======== Supplied information ========
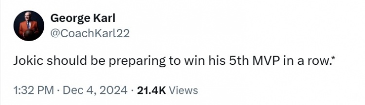 - 卡尔:约基奇应该准备好连续赢得他的第五个MVP了
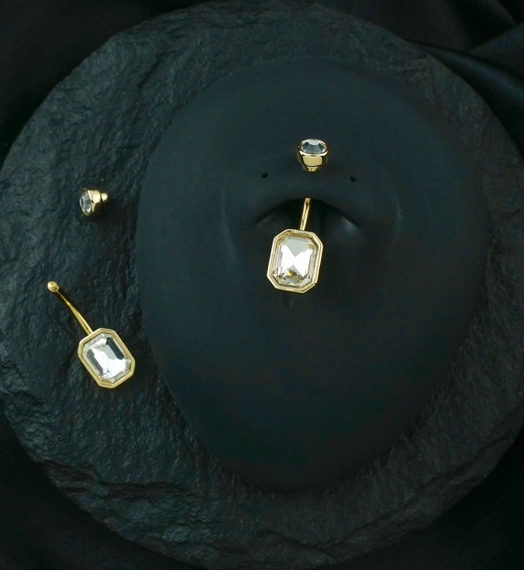 No more boring belly buttons with our Octet CZ Gold Belly Ring! Sold individually, this 14G, 7/16" (11mm) barbell features gold PVD on 316L stainless steel and clear CZ gems, one of which is in a baguette/rectangle shape. Top gem measures 5mm while the bottom has a 10mm x 8mm design. Perfect for healed piercings.
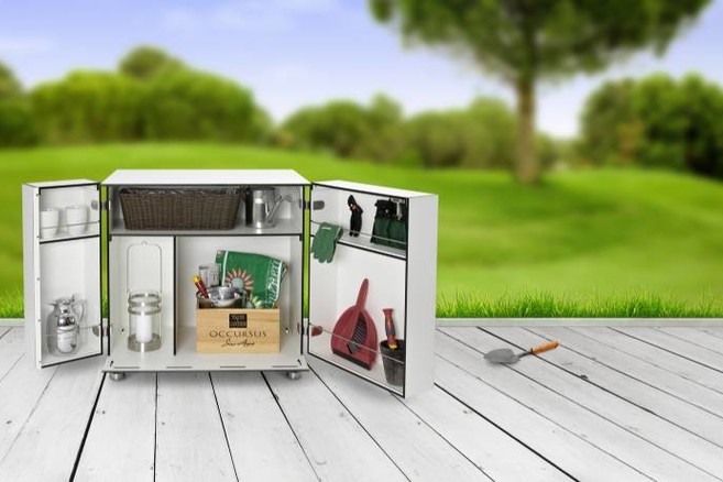 Wanneer je kussens of hoezen van je tuinmeubilair bij een plotse regenbui wilt opbergen, is een opbergkoffer een handig instrument. Niet tegenstaande dat de kussens van vandaag er niet tegen kunnen, met een opbergkoffer kun je ze van een lange droogtijd besparen. Als je materiaal als bloempotten of andere kleinigheden op het terras kwijt wil, dan kan dat in een tuinkast. Maak wel de bedenking dat die hoe dan ook ruimte inneemt. En hoe meer bergruimte, hoe meer ‘rommel’ je verzamelt.
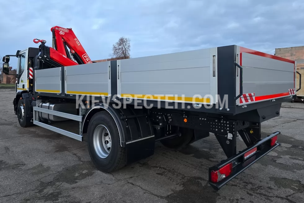 Бортова вантажівка IVECO Eurocargo ML180E28-Е5 з краново-маніпуляторною установкою FASSI F135A.0.23 — професійний вантажний комплекс середньої тоннажності, побудований на міцному шасі класу 18 тонн (GVW 18 000 кг) із колісною формулою 4×2. Максимальна довжина стріли 16,7 м. його вантажопідйомність становить 13 т. Габаритні розміри IVECO Eurocargo ML180E28-Е5 (ДхШхВ) 6269х2495х2835 мм. оснащений двигуном Tector 6 потужністю 206 кВт (280 к.с.). Габаритні розміри КМУ (ДхШхВ) 2380×830×2200 мм.
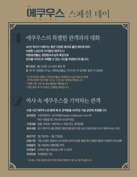 '역사 속 에쿠우스를 기억하는 관객'이라는 이벤트로 연다. 오랜 시간 에쿠우스와 함께 해 온 특별한 관객을 초청하는 행사다. 이전에 관람 경험을 응모 받아 가장 오래 전 공연을 관람한 관객 총 40명을 초청하여 의미있는 시간을 가질 예정이다.
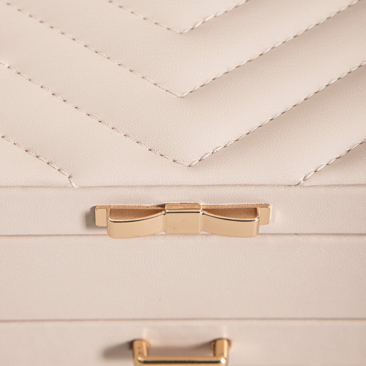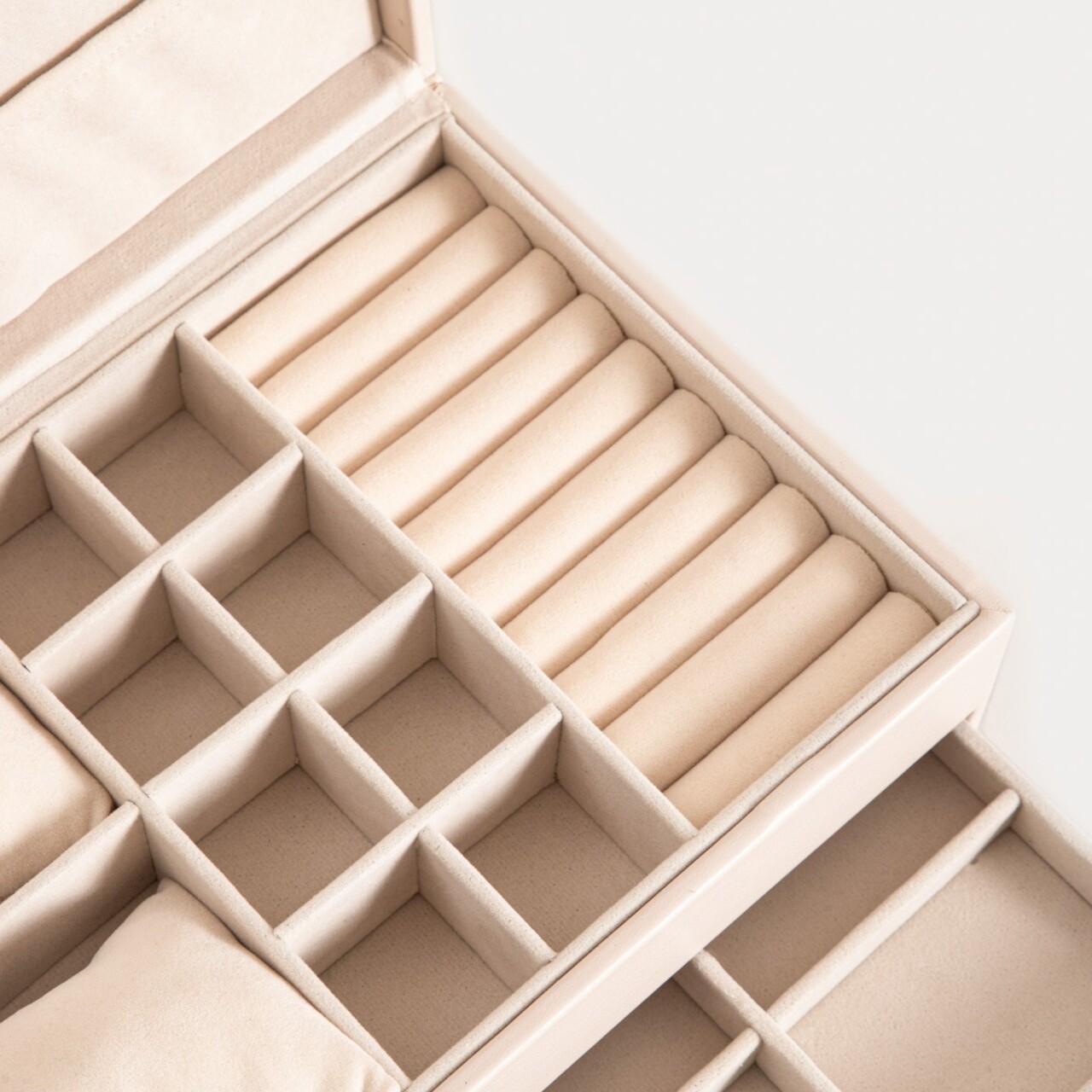 Cutia pentru bijuterii HOPE este o alegere ideala pentru cei care pretuiesc ordinea si stilul. Va fi perfecta pe masuta ta de toaleta, comoda sau ca un cadou elegant. Datorita aranjamentului bine gandit al compartimentelor, bijuteriile tale vor ramane intotdeauna ordonate si protejate impotriva zgarieturilor. Cutia de bijuterii nu numai ca va facilita selectia zilnica a bijuteriilor, dar va fi si o decoratiune interioara frumoasa.
========
Could you return the entire listing above verbatim while dropping each picture?

## Answer to this problem
 - 卡尔:约基奇应该准备好连续赢得他的第五个MVP了
 No more boring belly buttons with our Octet CZ Gold Belly Ring! Sold individually, this 14G, 7/16" (11mm) barbell features gold PVD on 316L stainless steel and clear CZ gems, one of which is in a baguette/rectangle shape. Top gem measures 5mm while the bottom has a 10mm x 8mm design. Perfect for healed piercings.
 Wanneer je kussens of hoezen van je tuinmeubilair bij een plotse regenbui wilt opbergen, is een opbergkoffer een handig instrument. Niet tegenstaande dat de kussens van vandaag er niet tegen kunnen, met een opbergkoffer kun je ze van een lange droogtijd besparen. Als je materiaal als bloempotten of andere kleinigheden op het terras kwijt wil, dan kan dat in een tuinkast. Maak wel de bedenking dat die hoe dan ook ruimte inneemt. En hoe meer bergruimte, hoe meer ‘rommel’ je verzamelt.
 Бортова вантажівка IVECO Eurocargo ML180E28-Е5 з краново-маніпуляторною установкою FASSI F135A.0.23 — професійний вантажний комплекс середньої тоннажності, побудований на міцному шасі класу 18 тонн (GVW 18 000 кг) із колісною формулою 4×2. Максимальна довжина стріли 16,7 м. його вантажопідйомність становить 13 т. Габаритні розміри IVECO Eurocargo ML180E28-Е5 (ДхШхВ) 6269х2495х2835 мм. оснащений двигуном Tector 6 потужністю 206 кВт (280 к.с.). Габаритні розміри КМУ (ДхШхВ) 2380×830×2200 мм.
 '역사 속 에쿠우스를 기억하는 관객'이라는 이벤트로 연다. 오랜 시간 에쿠우스와 함께 해 온 특별한 관객을 초청하는 행사다. 이전에 관람 경험을 응모 받아 가장 오래 전 공연을 관람한 관객 총 40명을 초청하여 의미있는 시간을 가질 예정이다.
 Cutia pentru bijuterii HOPE este o alegere ideala pentru cei care pretuiesc ordinea si stilul. Va fi perfecta pe masuta ta de toaleta, comoda sau ca un cadou elegant. Datorita aranjamentului bine gandit al compartimentelor, bijuteriile tale vor ramane intotdeauna ordonate si protejate impotriva zgarieturilor. Cutia de bijuterii nu numai ca va facilita selectia zilnica a bijuteriilor, dar va fi si o decoratiune interioara frumoasa.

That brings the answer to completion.